The Life of Ben Reifel
An Online Exhibit
Benjamin Reifel was born September 19, 1906, in a log cabin within the Rosebud Indian Reservation. His father, William Reifel, was German-American and his mother, Lucy Burning Breast, was a full-blooded Lakota Oceti Sakowin. Ben was an enrolled member of the Rosebud Sioux Tribe. His Indian name was Lone Feather.
Reifel graduated from South Dakota State College in 1932. He paid his way through four years of college, with the aid of one of the first loans made available to Indian students under the program for the education of American Indians. He graduated in 1932 with a Bachelor of Science degree in agriculture.

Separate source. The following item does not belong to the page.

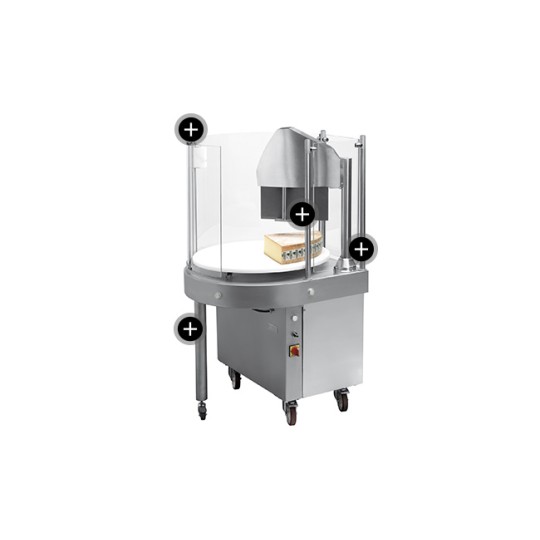 Machine conçue pour couper des fromages à pâte dure (Comté, Beaufort, Parmesan, Cantal…) . Elle permet de faire une coupe nette, parfaitement propre et très précise. Elle peut être utilisée comme vitrine de présentation ce qui limitera les multiples manipulation du produit. Sa fonctionnalité évitera les troubles musculosquelettiques aux coudes et aux épaules souvent liés à la découpe de grosses pièces avec des couteaux manuels. Machine montée sur roulettes INOX Ø100. Fonctionnement hydraulique. Chargement: Plateau tournant de 750mm, démontable et très facile à nettoyer.
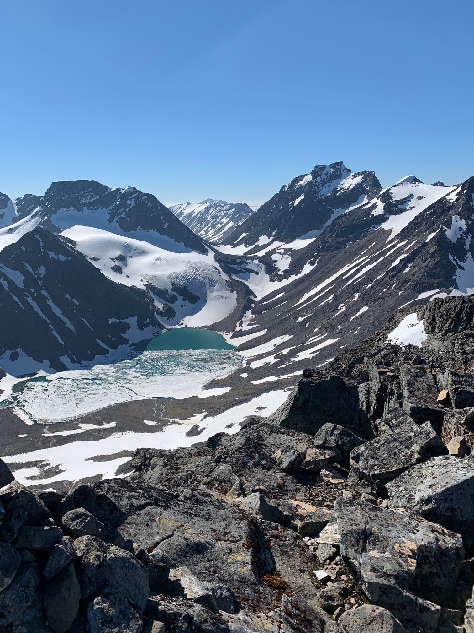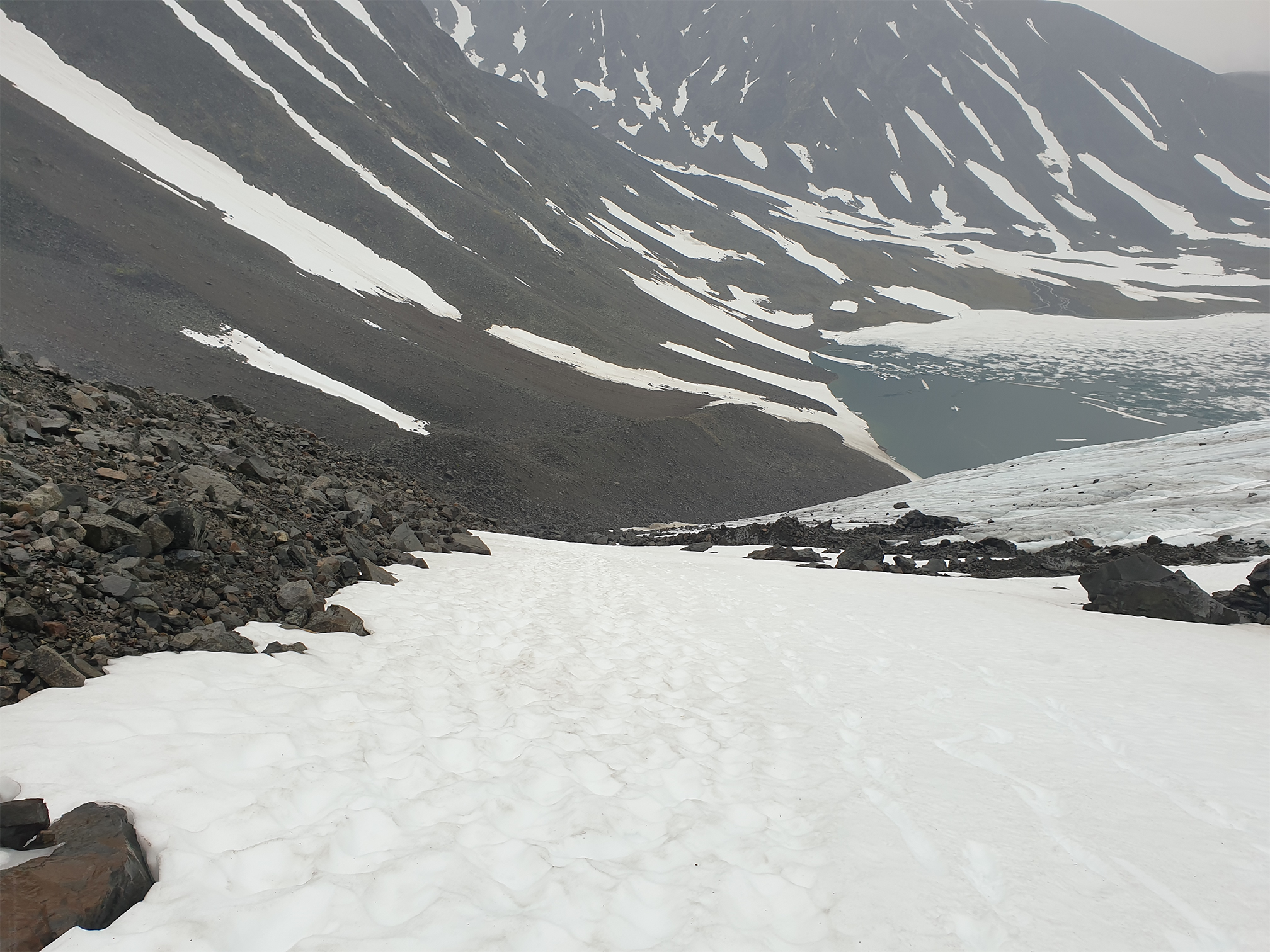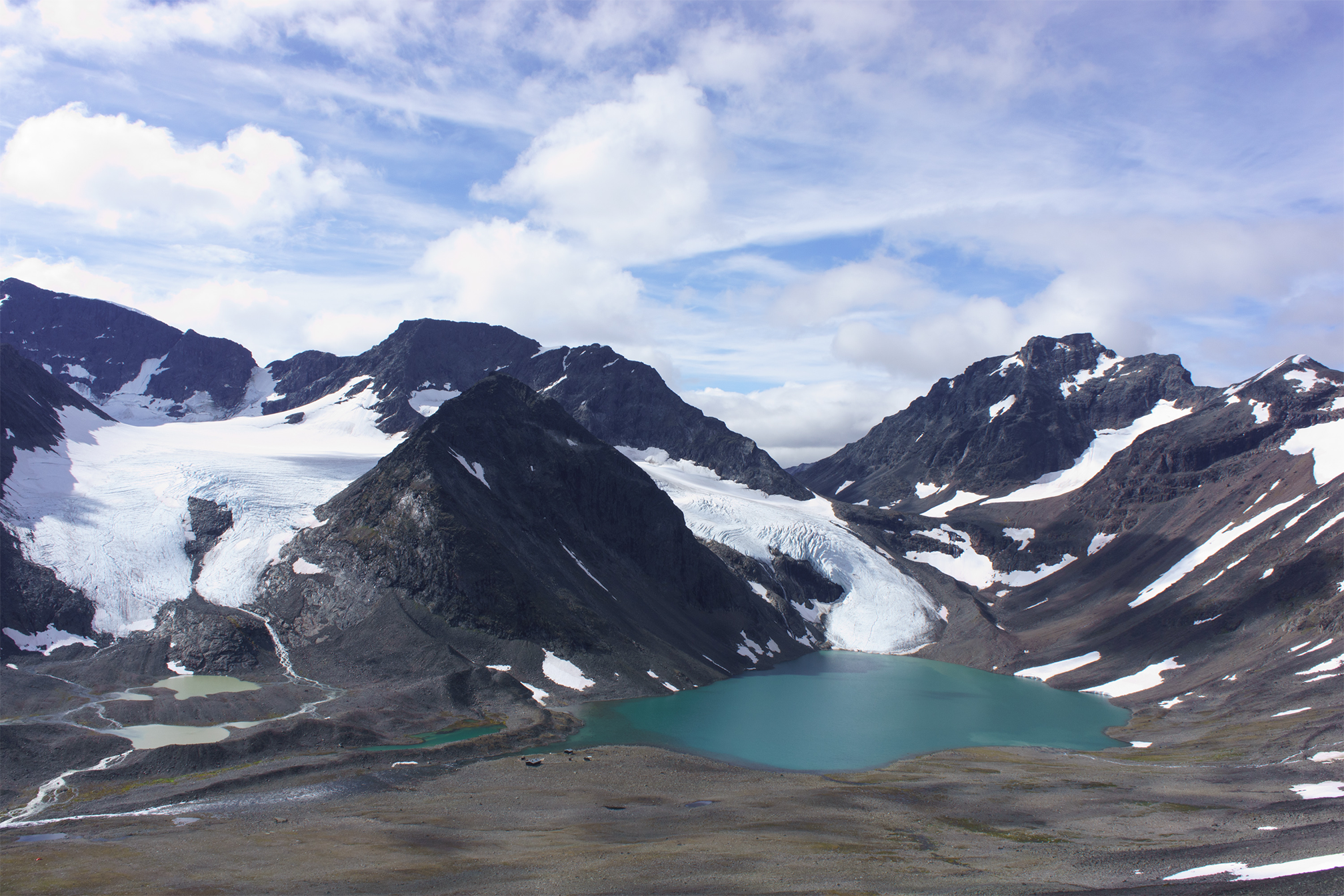 Angående nedgången till Tarfala beror det mycket på om det finns snö eller ej på glaciären t.e.x. i juli 2020 var det lätt att ta sig ner. Vet någon hur det ser ut i år?

In 1960, Reifel ran and won South Dakota's First District seat in the U.S. House of Representatives. He was the first U.S. legislator of Sioux ancestry and the sole American Indian in Congress through the 1960s. Reifel served on the House Agricultural Committee, the House Committee on Appropriations, and the House Appropriations Subcommittee on Interior Department Affairs. He worked for farming interests, pushed for the Oahe Irrigation Projects, and supported the Civil Rights Act of 1966.
Exhibit
In 2019, senior student Sophie Felicia (Lower Brule) worked with Archives staff to write and design online and physical exhibits about the Ben Reifel Papers. These exhibits were part of the SDSU Wokini Challenge Grant that was awarded for the project "Experiencing a Lakota Collection: American Indian Student Assistants in the SDSU Archives." The grant also provided funding for four American Indian student assistants to digitize and describe the materials of the Ben Reifel Papers. The digitized papers can be viewed on the Digital Library of South Dakota.